4.3.3. AKT Inhibitors
Inactivation of the tumor suppressor gene
PTEN via deletion or mutation is frequent in PC, especially in late-stage tumors. PTEN loss of function determines PI3K/AKT signaling pathway activation and suppression of AR transcriptional output. AKTi activates AR signaling, suggesting the potential efficacy of the inhibition of both PI3K and AR signaling pathways
[56]. Evidence supporting this association came from the phase III trial IPATential150
[57], which demonstrated that the AKTi ipatasertib, in association with abiraterone, improved the rPFS in patients with mCRPC and PTEN-loss. CAPItello-281 (NCT04493853)

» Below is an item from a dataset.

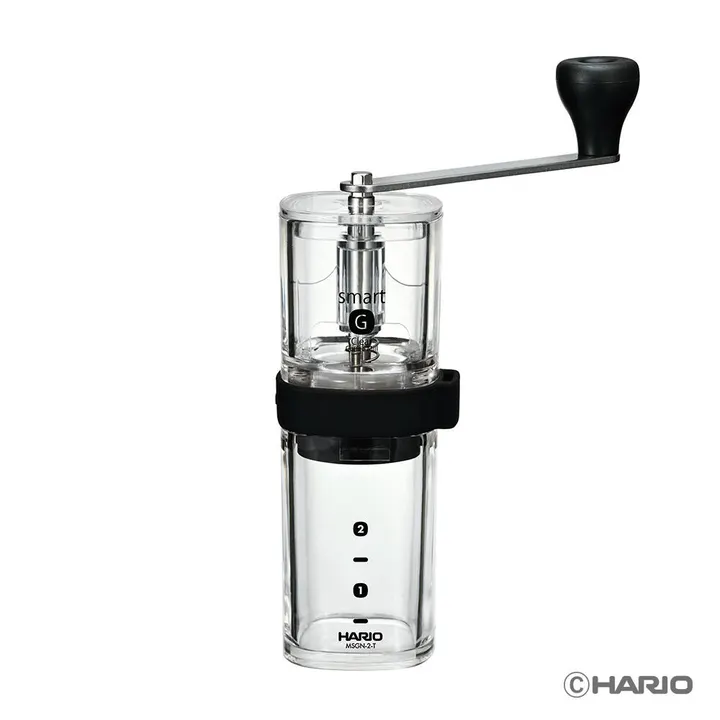 携帯仕様に考えられたコンパクトミル。透明なボディで豆の様子が一目でわかります。バンド部分にハンドルを差し込めるので収納性も抜群。臼が洗える仕様です。
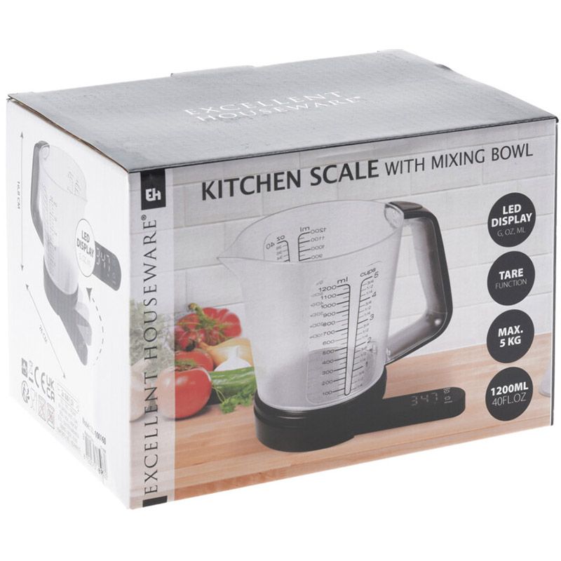 Excellent Houseware Keukenweegschaal Met Maatbeker – 1200 Ml – Tot 5 Kg

[58], which is a randomized double-blind trial, will test the AKTi capivasertib. Approximately 1000 patients with PTEN-deficient mHSPC, as demonstrated using tissue immunohistochemistry (IHC), will be randomized 1:1 to receive capivasertib or a placebo in association with abiraterone. The primary endpoint will be the rPFS.
5. Conclusions
The road toward personalized treatment for de novo mHSPC is still long, considering that the randomized clinical trials, which have furnished the basis of the current therapeutic options, stratified patients according to clinical criteria that did not necessarily reflect the biological rationale of the chosen therapy. Transcriptomic profiling of mHSPC revealed a predominance of aggressive and poor prognosis subtypes, but its role as a predictive biomarker requires further validation. Even though many of the genomic alterations detected in mHSPC are regarded as predictive in mCRPC, it remains to be ascertained how these alterations can be exploited in the mHSPC setting. In this sense, the ProBio (NCT03903835) trial, which is randomizing both mHSPC and mCRPC to receive SOC following national guidelines (control arm) or therapies based on a biomarker signature obtained from diagnostic tissue or liquid biopsy profiling (experimental arm), will probably provide a prospective evaluation of biomarker-driven treatments.